Special Numbers - CS 61C Course Notes

1Learning Outcomes¶

Understand how the IEEE 754 standard represents zero, infinity, and NaNs
Understand what overflow or overflow mean with floating point numbers
Understand how denormalized numbers implement “gradual” underflow
Convert denormalized numbers into their decimal counterpart

🎥 Lecture Video (overflow and underflow)

Overflow and Underflow, 6:54 - 8:40

🎥 Lecture Video (everything else)

Normalized numbers are only a fraction (heh) of floating point representations. For single-precision (32-bit), IEEE defines Table 1 based on the exponent field (here, the “biased exponent”):

Table 1:Exponent field values for IEEE 754 single-precision.

Biased Exponent	Significand field	Description
0 (`0000000`)	all zeros	zero
0 (`0000000`)	nonzero	Denormalized numbers, aka denorms
1 – 254	anything	Normalized floating point (mantissa has implicit leading 1)
255 (`1111111`)	all zeros	infinity
255 (`1111111`)	nonzero	`NaN`s

In this section, we will motivate why these “special numbers” exist by considering the pitfalls of overflow and underflow.
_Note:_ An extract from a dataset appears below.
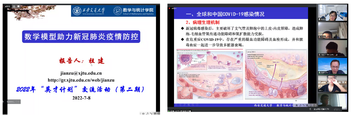 祖建教授以“数学模型助力新冠肺炎疫情防控”为题,结合多年来从事生物数学和传染病动力学研究的亲身经历,深入浅出地为同学们介绍了数学在传染病防治中的实际应用。祖老师首先介绍了爱爱啦

Then, we’ll define each of the special numbers.

2Overflow and Underflow¶

Because 0 and 255 are reserved exponent fields, the range of normalized single-precision floating point is $[-3.4\times 10^{38}, -2^{-126}]$ and $[+2^{-126}, +3.4\times 10^{38}]$ . Note $2^{-126} \approx 1.2 \times 10^{-38}$ .

Show Explanation

Largest magnitude number: (1.1…1) $\times 2^{(254 - 127)} \approx 3.4 × 10^{38}$ . Note the largest biased exponent is 254, because 255 is reserved for infinity and NaNs.

s	exponent	significand
`s`	`1111 1110`	`111 1111 1111 1111 1111 1111`

Smallest magnitude number: (1.0) $\times 2^{(1-127)} = 2^{-126} \approx 1.2 × 10^{-38}$ . Note the smallest biased exponent is 1, because 0 (all zeros) is reserved for zero and denorms.

s	exponent	significand
`s`	`0000 0001`	`000 0000 0000 0000 0000 0000`

Because the floating point standard represents fractional components, it must now consider both overflow and underflow (Figure 1):

Overflow: Magnitude of value is too large to represent.
Underflow: Magnitude of value is too small to represent.

"TODO" — Figure 1:Floating point representations can encounter both overflow and underflow.
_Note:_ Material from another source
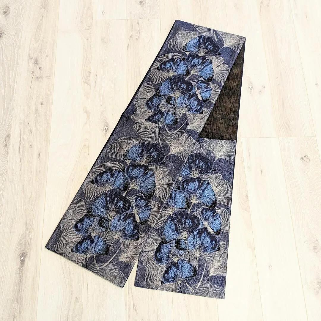 紺地にイチョウ、珍しいデザインの袋帯です。

Recall that with integers, integer overflow causes arithmetic results to “wrap around.” This means adding large positive integers can result in negative integers. Unlike integer representations, floating point representations similar to the IEEE 754 standards can more “gracefully” handle overflow, underflow, and errors with special numbers, which we discuss next.

When floating point arithmetic causes overflow, we signal infinity or directly represent arithmetic errors with NaN. With underflow, we gradually move towards zero with denorms.

3Special Numbers¶

See the four non-normalized categories shown in Table 1.

3.1Zero¶

Just like in the sign-magnitude zero, IEEE 754 floating point has two zeros (Table 2). Recall that the standard was built for scientific computing! Having two zeros is mathematically useful. Two examples: limits towards zero and computing $\pm \infty$ , the latter of which we discuss next).

Table 2:IEEE 754 single-precision: Zero

value	s	exponent	significand
+0	`0`	`0000 0000`	`000 0000 0000 0000 0000 0000`
-0	`1`	`0000 0000`	`000 0000 0000 0000 0000 0000`

If we consider its mathematical representation, zero is our first encounter with a floating point representation that is not normalized. After all, there 0.0 in scientific notation has no leading 1!

Floating point hardware often implements zero by reserving the biased exponent value zero 00000000 to signal no normalization, i.e., not to implicitly add 1. If the significand is additionally all zeros, then the hardware knows it is zero. If the significand is non zero, we represent other non-normalized numbers, which we discuss below as denormalized numbers.

3.2Infinity¶

The IEEE 754 standard defines positive infinity ( $+\infty$ ) and negative infinity ( $-\infty$ ), as shown in Table 2. To represent infinity, we reserve the biased exponent value 11111111 and set the significand to zero.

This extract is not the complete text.